[Exercise data — start]

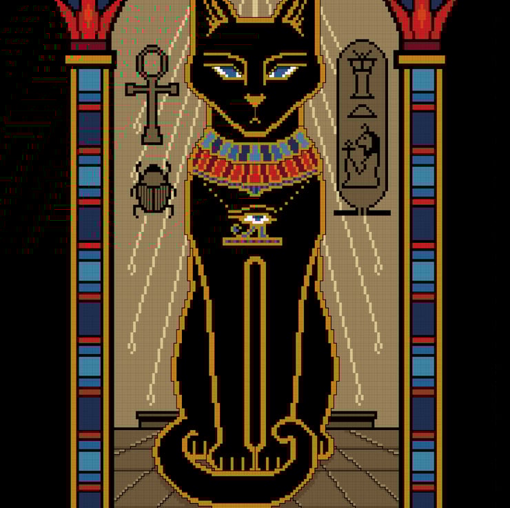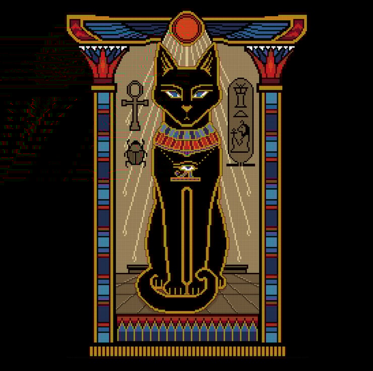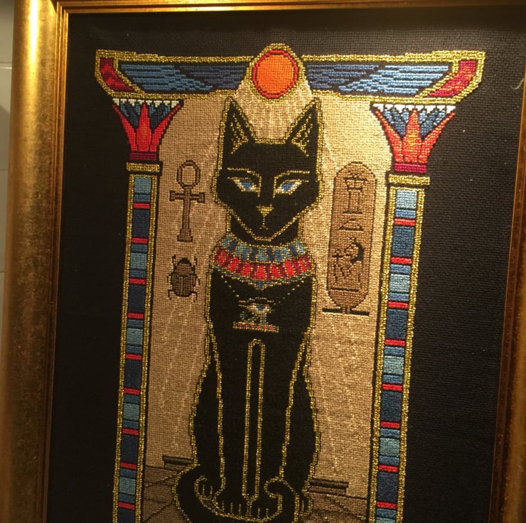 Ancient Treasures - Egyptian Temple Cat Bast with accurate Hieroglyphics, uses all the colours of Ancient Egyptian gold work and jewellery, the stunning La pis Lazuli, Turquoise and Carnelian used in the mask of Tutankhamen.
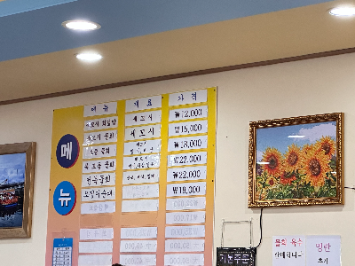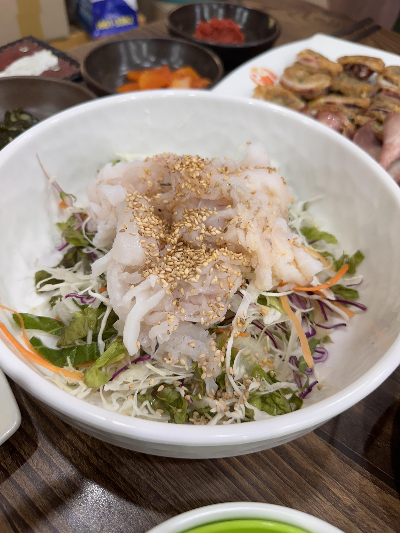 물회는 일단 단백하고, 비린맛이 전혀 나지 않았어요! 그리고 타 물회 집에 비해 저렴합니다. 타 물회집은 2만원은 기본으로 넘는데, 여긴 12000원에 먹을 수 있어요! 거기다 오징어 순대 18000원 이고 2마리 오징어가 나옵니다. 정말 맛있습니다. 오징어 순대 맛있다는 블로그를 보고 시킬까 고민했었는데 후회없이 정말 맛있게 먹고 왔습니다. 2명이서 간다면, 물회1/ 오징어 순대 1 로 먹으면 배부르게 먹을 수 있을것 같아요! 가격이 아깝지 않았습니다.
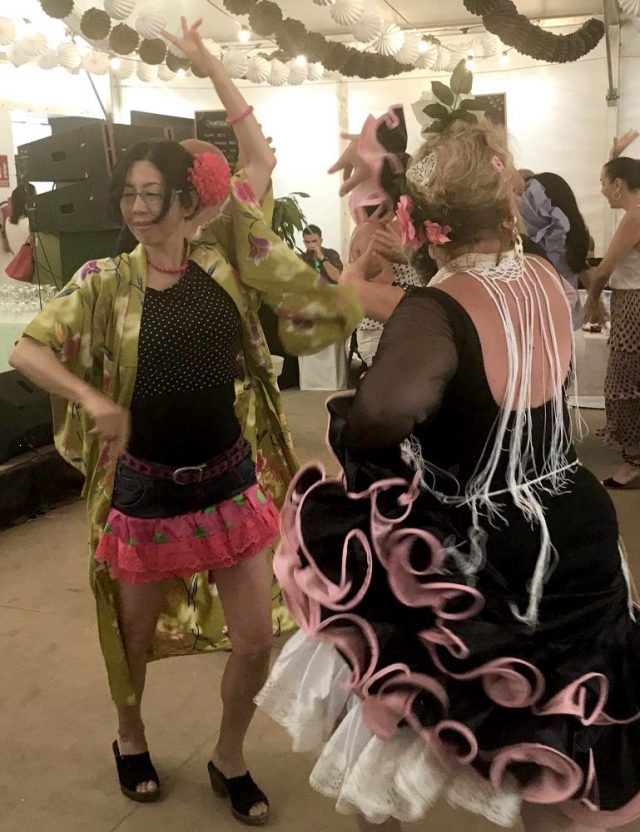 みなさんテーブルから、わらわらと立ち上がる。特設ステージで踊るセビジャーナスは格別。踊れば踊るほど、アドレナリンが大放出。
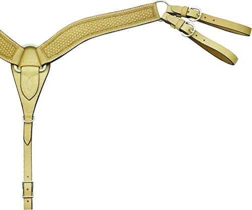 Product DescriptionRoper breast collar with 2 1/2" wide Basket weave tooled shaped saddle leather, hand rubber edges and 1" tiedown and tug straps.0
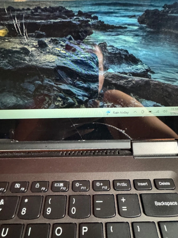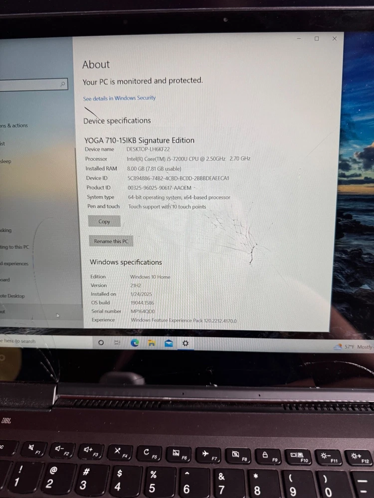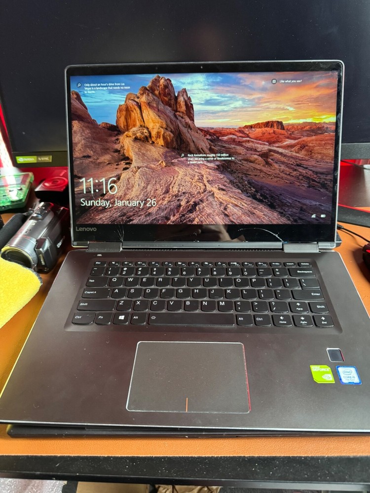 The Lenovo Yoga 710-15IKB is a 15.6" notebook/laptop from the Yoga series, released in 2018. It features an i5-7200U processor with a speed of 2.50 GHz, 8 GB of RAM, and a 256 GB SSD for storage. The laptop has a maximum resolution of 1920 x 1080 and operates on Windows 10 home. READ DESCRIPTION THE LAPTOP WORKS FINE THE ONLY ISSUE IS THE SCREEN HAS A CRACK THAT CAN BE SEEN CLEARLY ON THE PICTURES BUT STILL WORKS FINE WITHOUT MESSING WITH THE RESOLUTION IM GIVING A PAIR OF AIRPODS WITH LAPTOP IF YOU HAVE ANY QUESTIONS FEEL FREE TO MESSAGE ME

[Exercise data — finish]

### Exercise aim
Having removed the pictures, write out the records exactly as they stand.

### Output for this exercise
 Ancient Treasures - Egyptian Temple Cat Bast with accurate Hieroglyphics, uses all the colours of Ancient Egyptian gold work and jewellery, the stunning La pis Lazuli, Turquoise and Carnelian used in the mask of Tutankhamen.
 물회는 일단 단백하고, 비린맛이 전혀 나지 않았어요! 그리고 타 물회 집에 비해 저렴합니다. 타 물회집은 2만원은 기본으로 넘는데, 여긴 12000원에 먹을 수 있어요! 거기다 오징어 순대 18000원 이고 2마리 오징어가 나옵니다. 정말 맛있습니다. 오징어 순대 맛있다는 블로그를 보고 시킬까 고민했었는데 후회없이 정말 맛있게 먹고 왔습니다. 2명이서 간다면, 물회1/ 오징어 순대 1 로 먹으면 배부르게 먹을 수 있을것 같아요! 가격이 아깝지 않았습니다.
 みなさんテーブルから、わらわらと立ち上がる。特設ステージで踊るセビジャーナスは格別。踊れば踊るほど、アドレナリンが大放出。
 Product DescriptionRoper breast collar with 2 1/2" wide Basket weave tooled shaped saddle leather, hand rubber edges and 1" tiedown and tug straps.0
 The Lenovo Yoga 710-15IKB is a 15.6" notebook/laptop from the Yoga series, released in 2018. It features an i5-7200U processor with a speed of 2.50 GHz, 8 GB of RAM, and a 256 GB SSD for storage. The laptop has a maximum resolution of 1920 x 1080 and operates on Windows 10 home. READ DESCRIPTION THE LAPTOP WORKS FINE THE ONLY ISSUE IS THE SCREEN HAS A CRACK THAT CAN BE SEEN CLEARLY ON THE PICTURES BUT STILL WORKS FINE WITHOUT MESSING WITH THE RESOLUTION IM GIVING A PAIR OF AIRPODS WITH LAPTOP IF YOU HAVE ANY QUESTIONS FEEL FREE TO MESSAGE ME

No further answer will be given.